Just as a cat cannot understand calculus (despite the brain of a cat being an extraordinary thing), humans cannot understand the mysteries of the universe. Perhaps over the eons, as our brains develop further (assuming, of course, we survive, which is highly unlikely), we will be able to comprehend what is currently incomprehensible. 

This almost makes me dizzy, because I literally cannot comprehend it, no matter how hard I try. It's like trying to think of the beginning of time, the end of space, or Jake Parrott figuring out how to PM me the answer to Ackermann's Function for A (4, 2).

Jake, I still owe you dinner at Maestro - you can pick your substitute restaurant.


I discussed this once over eleven years ago (at that time, the Laniakea Supercluster was referred to as the Virgo Supercluster, which is only a small part of the much-larger Laniakea Supercluster). 

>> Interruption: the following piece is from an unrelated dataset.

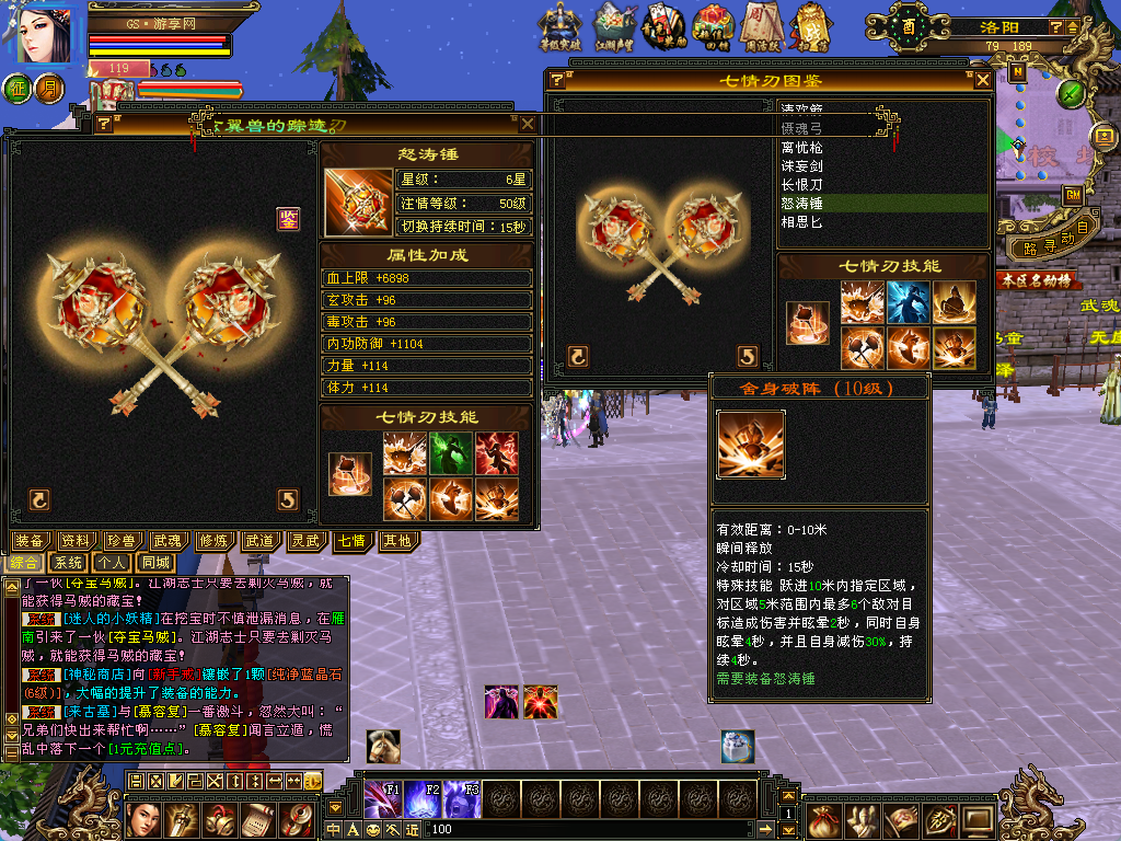- 宝石,强化,兽魂,武魂,修炼,雕纹,七情刃,帮会,门派转换

We're a bunch of microbes, running around thinking how important we all are. When you take a universal perspective of life and death, things just don't matter. That doesn't alleviate the very real human suffering we all experience, but it perhaps (and hopefully) makes it easier to deal with, especially for those of us who are forced to deal with it. Does it matter if an amoeba dies? Does it matter if a star, billions of light years away, goes super-nova? Perhaps for Mrs. Amoeba, or for the entities living in that stellar system, but for us? We don't even know it's happening. It's the same for them when one of us suffers through the ravages of disease - they don't even know it's happening. There is some deep meaning buried inside all of this; damned if I know what it is.